== Provided material ==
=======

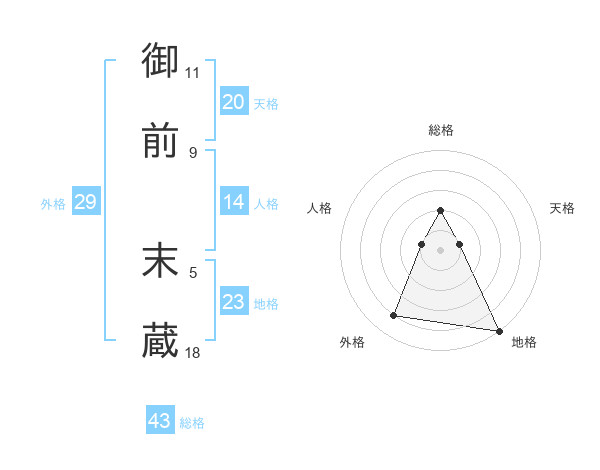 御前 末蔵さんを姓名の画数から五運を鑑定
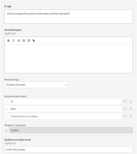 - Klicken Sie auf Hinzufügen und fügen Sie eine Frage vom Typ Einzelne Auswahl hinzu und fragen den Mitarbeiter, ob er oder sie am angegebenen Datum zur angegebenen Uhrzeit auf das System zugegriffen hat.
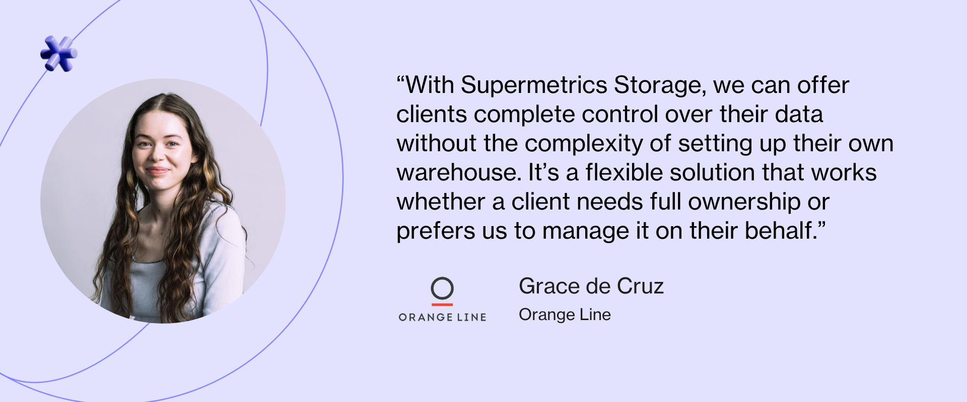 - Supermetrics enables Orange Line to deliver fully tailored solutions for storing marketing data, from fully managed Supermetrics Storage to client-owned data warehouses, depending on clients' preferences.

=======

Drop the pictures, then reproduce exactly the lines from the one with "- Klicken Sie" through the final line of the listing.

 - Klicken Sie auf Hinzufügen und fügen Sie eine Frage vom Typ Einzelne Auswahl hinzu und fragen den Mitarbeiter, ob er oder sie am angegebenen Datum zur angegebenen Uhrzeit auf das System zugegriffen hat.
 - Supermetrics enables Orange Line to deliver fully tailored solutions for storing marketing data, from fully managed Supermetrics Storage to client-owned data warehouses, depending on clients' preferences.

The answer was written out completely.